The data registration is highly configurable: a python script can be customized to extract the available metadata from the raw data and to register it in openBIS. For the researchers it is very convenient to see their newest mass spectrometry run already cataloged and available soon after their sample has been processed by the instrument. Users interact with openBIS through its web interface where they can browse and access the data. We have consciously decided to keep the data management interface separate from the processing interface over iPortal, in order not to overload either one. Depending on what kind of workflow was chosen, the data selection can be a two-step process. In the case of quantification workflows for example, first an experiment context needs to be chosen, then the datasets from within that experiment can be specified which should be analyzed with the given workflow. The next picture shows this data selection step. 4) The fourth step is the parameterization of the workflow.

Each workflow comes with a number of predefined parameterizations, provided by the workflow developers, that are suitable for a various workflow usage scenarios. The users can create their own parameterization by unhiding the detailed parameter settings. They can then save their own parameter sets under a new name, which can be used for future workflow parameterizations. These parameterizations may also be shared among users. For search workflows, the parameterization step also includes the selection of the input database (see BioDB section below). 5) Finally, the workflow is ready for submission. The user receives an overview of the workflow to quickly check that everything is in order or whether changes need to be made, in which case the ‘back to previous step’ link can be used to go back to the corresponding step to change the settings. If the workflow and its configuration are found to be correct, the workflow can be submitted by clicking on the ‘submit’ button. The wizard makes use of the gUSE Application Specific Module (ASM) interface to select and execute the predefined workflows through gUSE.

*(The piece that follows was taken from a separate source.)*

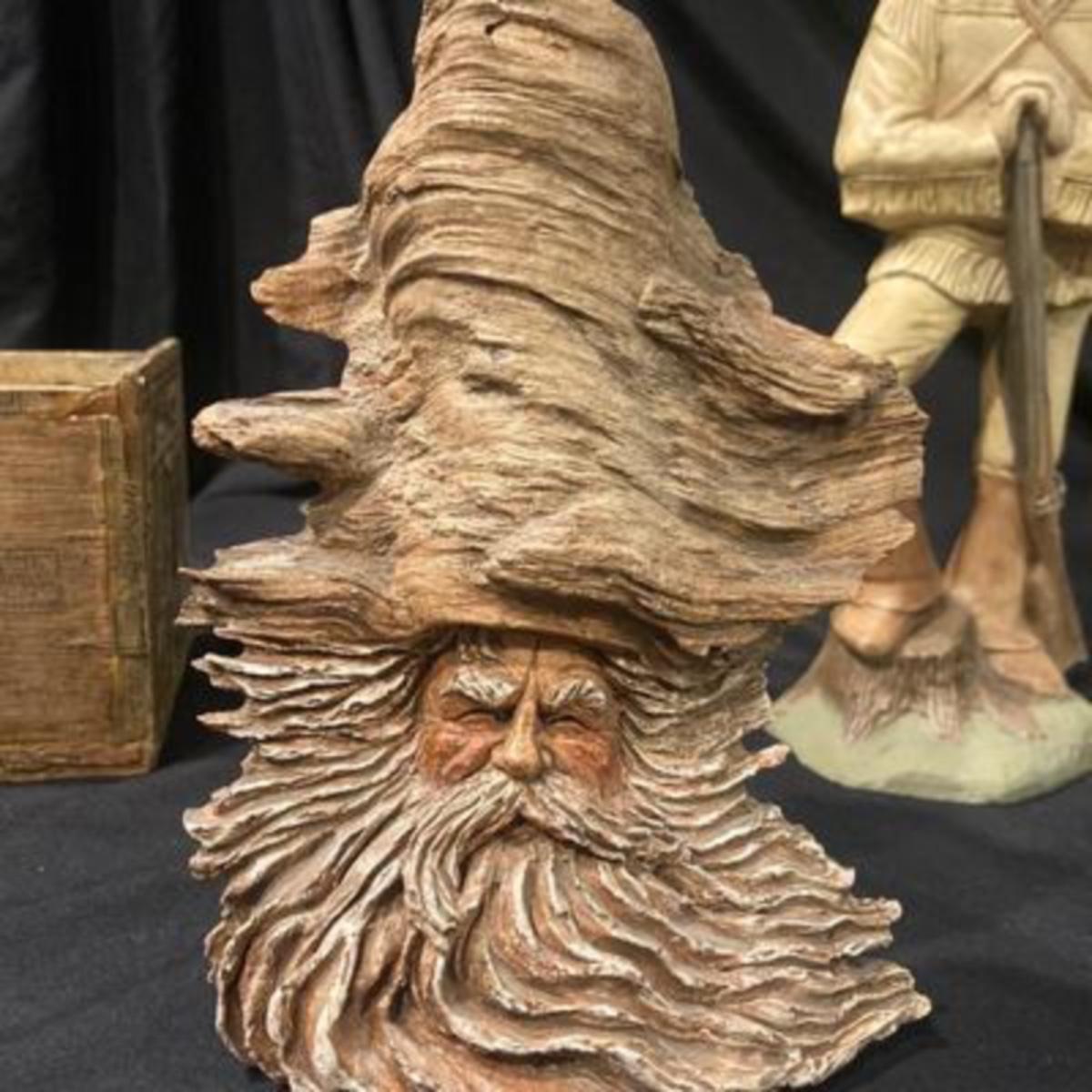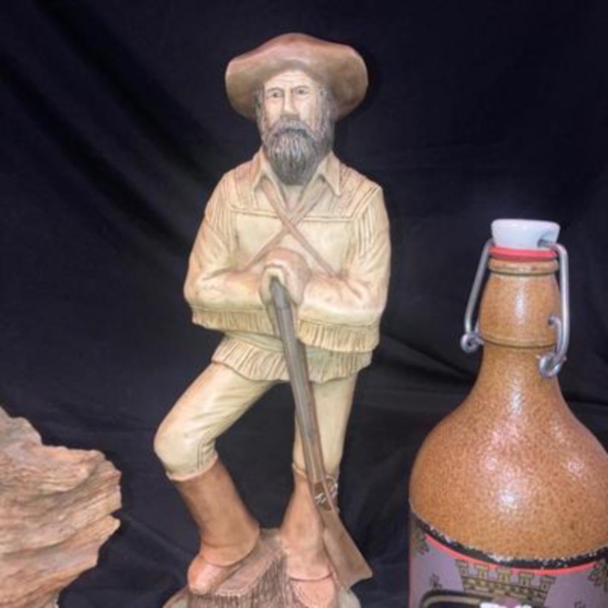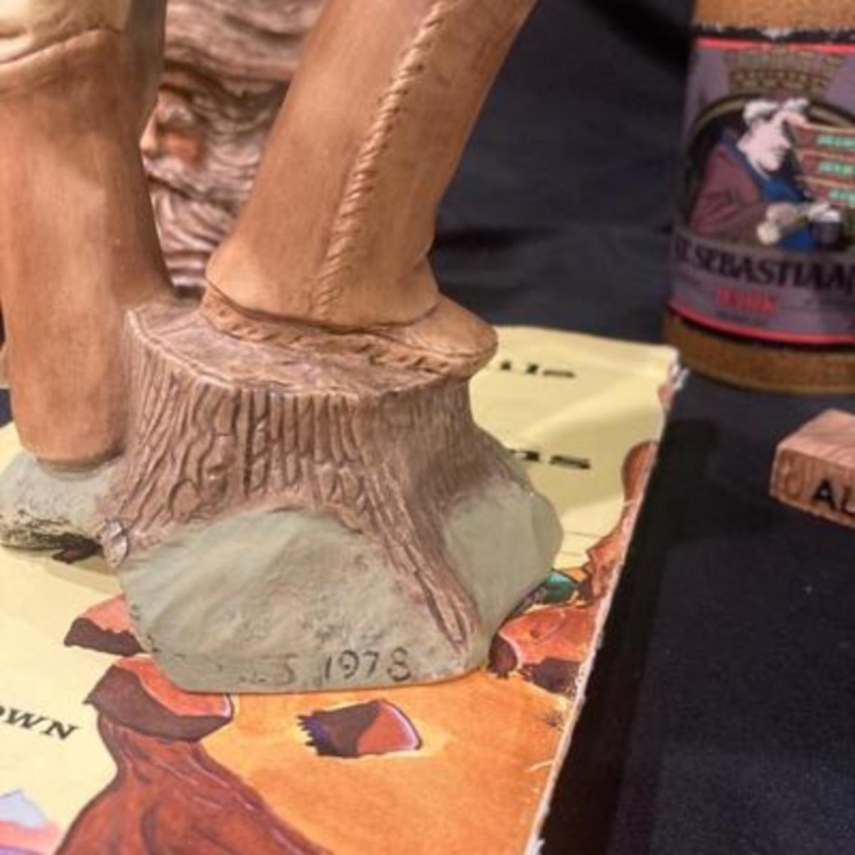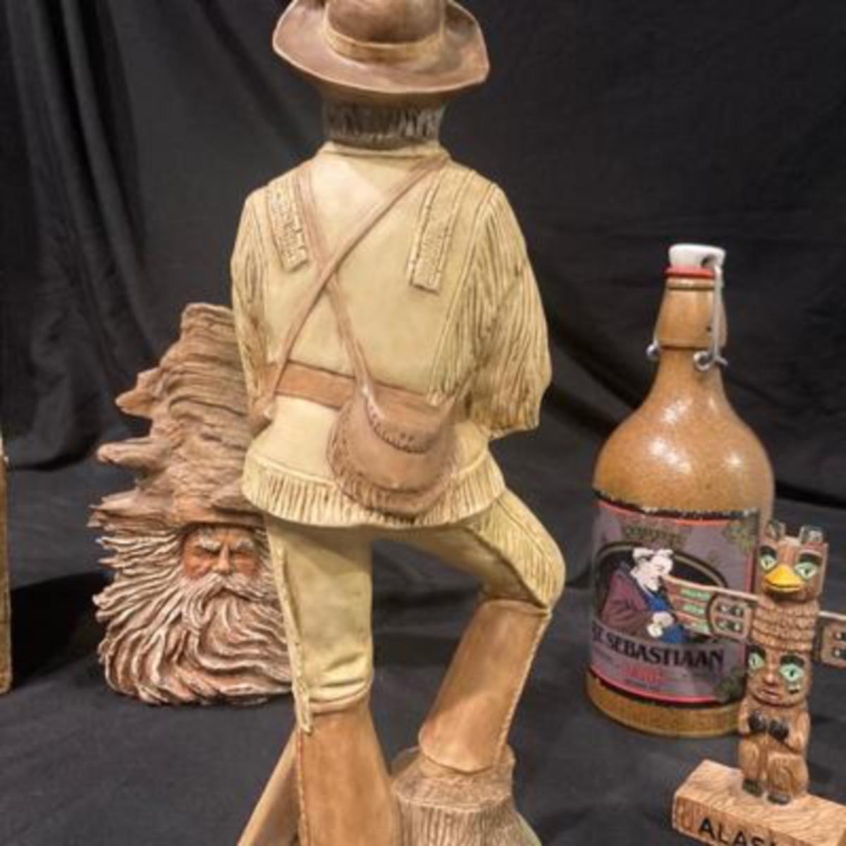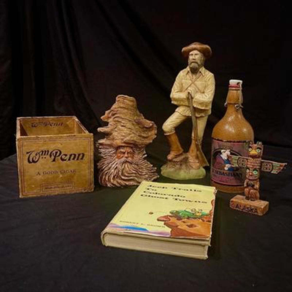 Ceramic Trapperman, cigarbox, crock like beer bottle, wood spirit tree wizard, totem pole from Alaska & Nifty Jeep trail book from the 60’s

Once a workflow was successfully submitted, the workflow wizard asks the user whether another workflow should be created with identical settings of the current workflow. This was one of the requests we have received from the users, often they want to submit the same workflow several times but with different datasets, and this helps them to do so more quickly as they only need to select the dataset, all the other settings are remembered by the wizard and are provided as default settings for the next session. The Workflow Wizard was a very large improvement in terms of usability for our users, and has improved the acceptance of the iPortal. We are continuously extending the wizard with new workflows and are planning also new types of workflows.

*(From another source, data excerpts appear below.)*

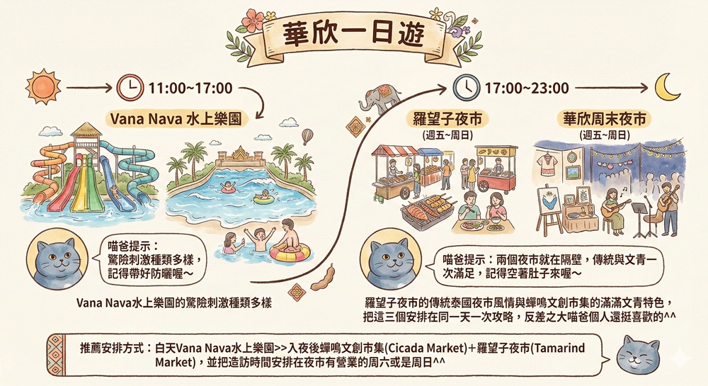 Vana Nava水上樂園的驚險刺激種類多樣,羅望子夜市的傳統泰國夜市風情與蟬鳴文創市集的滿滿文青特色,把這三個安排在同一天一次攻略,反差之大喵爸個人還挺喜歡的^^
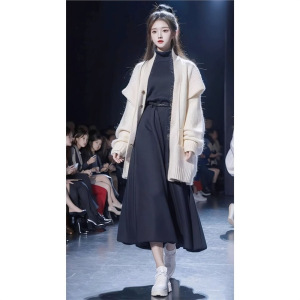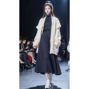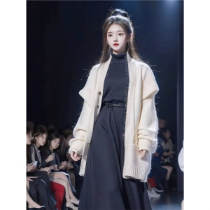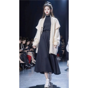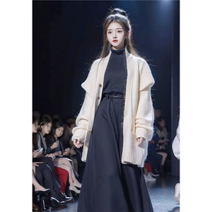 秋装搭配一整套新中式国风设计感毛衣外套针织连衣裙高级感套装女
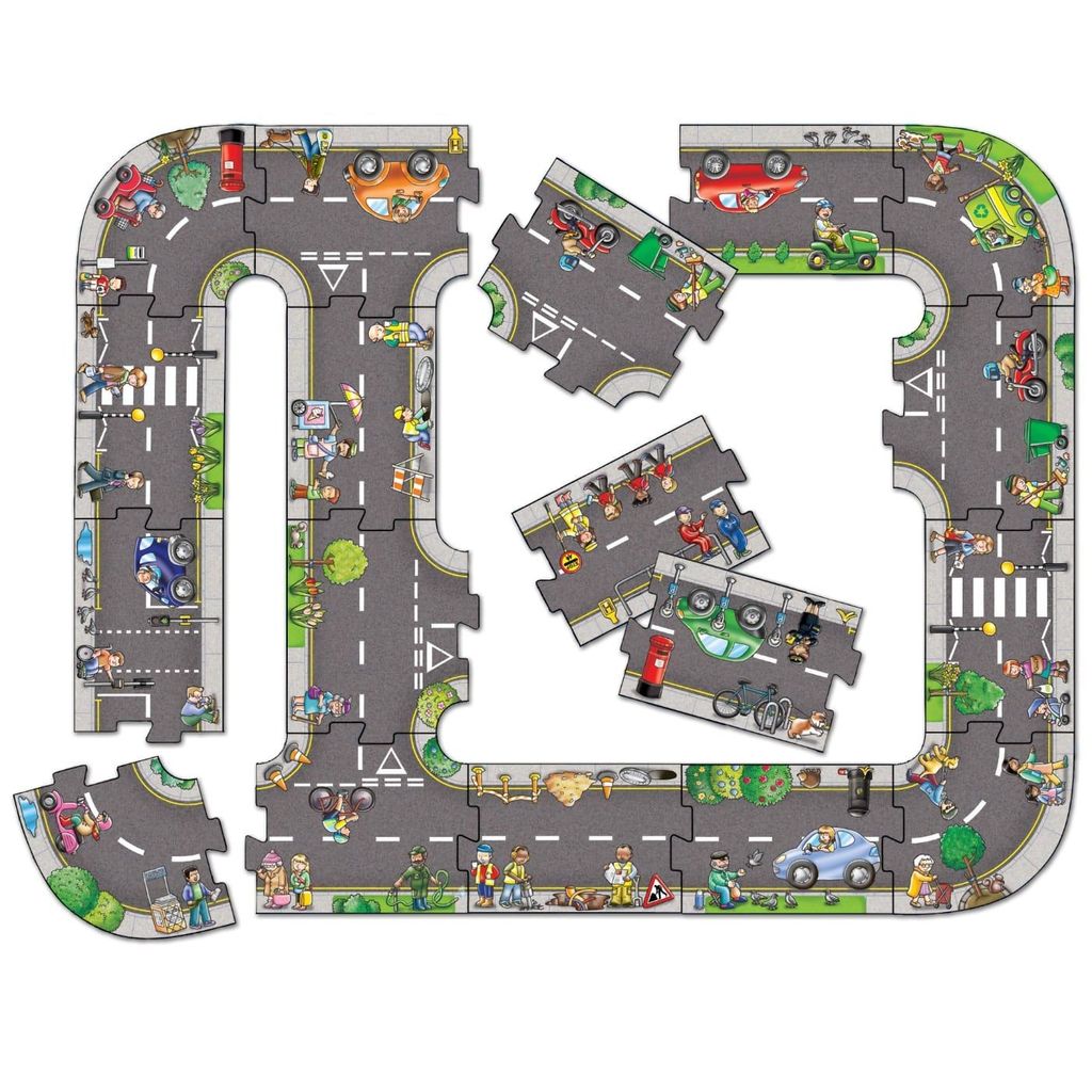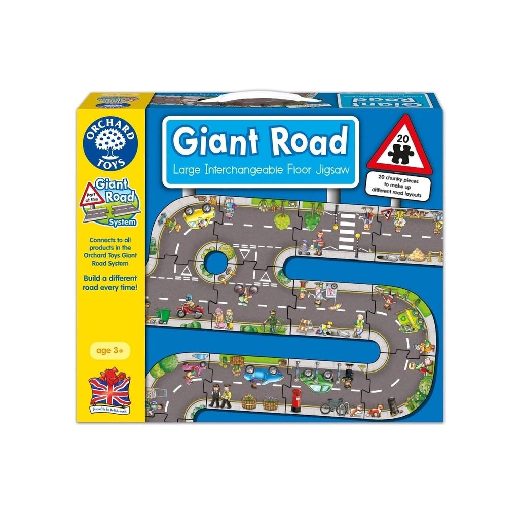 Et kæmpe vejpuslespil/gulvpuslespil, Giant Road fra Orchard Toys, der består af 20 brikker, hvor hver brik er 22 x 18 centimeter stor. Her sættes børnenes fantasi på prøve, da brikkerne kan sættes sammen på flere forskellige måder for at danne veje. Når vejen er bygget, kan man selvfølgelig lege med legetøjsbiler og køre på vejene. For at få en endnu længere vej kan man selvfølgelig kombinere flere puslespil.
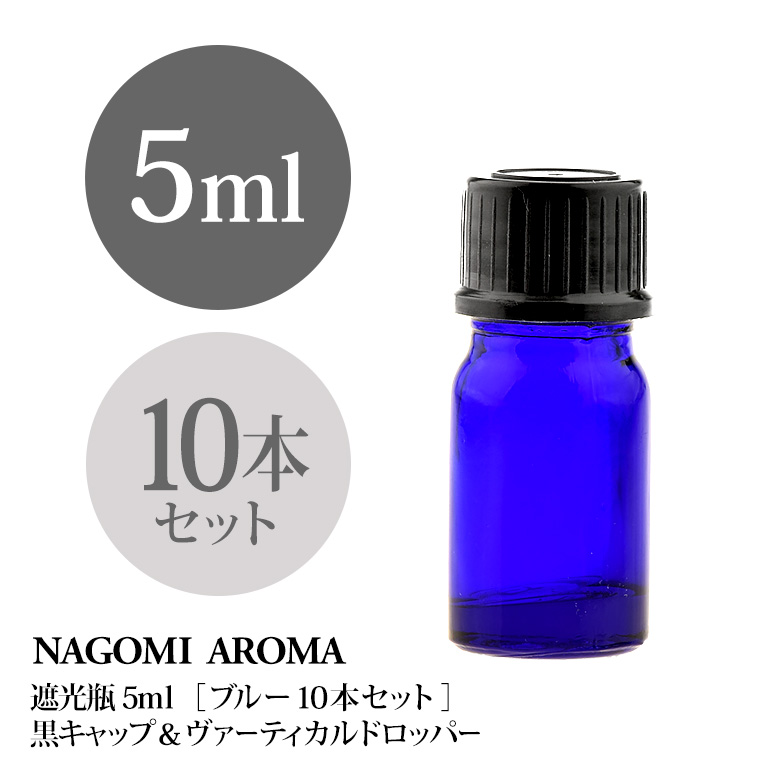 ■遮光瓶 5ml(ブルー) 10本セット黒キャップ&ヴァーティカルドロッパー 瓶 遮光 青 容器 ビン 化粧水 コスメ ボトル 保存容器

The Workflow Wizard addresses requirement 2), ie. the request for more customization possibilities in the workflow. In step 4, especially with the ability to store custom parameter sets, users can adjust every parameter of the workflow. Together with the new monitoring portlet described below, the very important usability requirement 4) has been addressed as well to a large degree.

D. Improved Monitoring

The workflow monitoring page as provided by WSPGRADE has been perceived as very overloaded by many of the proteomics portal users, and we have also experienced firsthand that many users simply did not find the information they were looking for. We have therefore decided to make use of the gUSE ASM interface again to provide a more intuitive view on the current state of the user’s workflows by implementing a monitoring portlet. It can be accessed through another main tab on the portal at any time. In the initial view, the users see a list of their workflows in a simple table, color coded whether they are running, completed successfully or aborted with an error. Clicking on the one of the workflow lines will open a second table below the first one, where the users get a detailed list of all job types (workflow nodes) in the given workflow, with an indication of success or failure on this level. Again the user can click on one of these items to get access to the detailed logs of that particular node of the workflow. Usually one is most interested in the node that shows warnings or errors. The detailed log view opens three new panes on the page, displaying the standard output, the standard error and the gUSE logs of the job. There are only very rare cases when this view is not sufficient to understand why a certain failure has occurred.

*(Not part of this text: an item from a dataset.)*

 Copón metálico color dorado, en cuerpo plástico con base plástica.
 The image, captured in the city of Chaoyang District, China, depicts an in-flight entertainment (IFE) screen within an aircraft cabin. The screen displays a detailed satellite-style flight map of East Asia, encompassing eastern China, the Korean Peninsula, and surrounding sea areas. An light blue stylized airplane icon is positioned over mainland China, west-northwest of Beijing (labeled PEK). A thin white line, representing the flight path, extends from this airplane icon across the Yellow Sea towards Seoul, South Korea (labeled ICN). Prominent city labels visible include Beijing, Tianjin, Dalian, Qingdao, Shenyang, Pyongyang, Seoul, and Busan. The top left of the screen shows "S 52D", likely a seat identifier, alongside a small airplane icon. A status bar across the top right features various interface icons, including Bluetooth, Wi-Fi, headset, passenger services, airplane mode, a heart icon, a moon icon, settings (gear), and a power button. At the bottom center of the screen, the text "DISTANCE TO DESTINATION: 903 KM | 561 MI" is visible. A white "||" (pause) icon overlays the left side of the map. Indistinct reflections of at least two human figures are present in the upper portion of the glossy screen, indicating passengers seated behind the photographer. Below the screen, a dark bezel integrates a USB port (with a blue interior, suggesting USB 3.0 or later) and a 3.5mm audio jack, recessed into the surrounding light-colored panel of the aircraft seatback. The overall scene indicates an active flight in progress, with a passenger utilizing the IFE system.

However, as mentioned in the requirements, we have realized early on that many users cannot extract the necessary information from the logs to understand why a particular workflow has failed, simply because they do not know what to look for. Very often a user needs a supporter to help them to browse the logs and to understand the root cause of the problem. The reason for a failed workflow is often just a random cluster node failure or data access issue, or a job that ran out of time or memory for some reason unrelated to the job itself. More rarely we see wrong parametrizations, erroneous datasets or input data selections. In the case of cluster failures, we have started to build in automatic resubmissions and retries, which are very common in such environments. Another addition we made is a ’monitoring administrator’ role, which can be assigned to supporters. With such a role, a supporter not only monitors his own workflows, but the workflows of all users in the portal. If workflows of a user fail, a monitoring administrator can check the logs of that user within his own monitoring view and take action to rescue the failed workflows directly. This way the users often do not even realize that something went wrong and also the supporters do not need to spend a lot of time trying to understand the issues over email indirectly. For failures that involve user error (like selecting wrong parameters) the users of course are being contacted directly. This mode of operation is much appreciated by the user community, and allows for a tight interaction between the supporters and the users.

E. Workflow Node Wrapping

The proteomics workflows are making use of many open source tools. All of them have different ways of managing input and output files and they also are not standardized on how they report successful processing or errors. Some return with a nonzero error code, others write messages into standard output, standard error, or into specific log files. We have to parse these outputs, validate them for correctness and scan for errors. Additionally, at each step there are output files in a workflow node that usually serve as input to the next node. Often these need some conversion and validation into the suitable format for the next step.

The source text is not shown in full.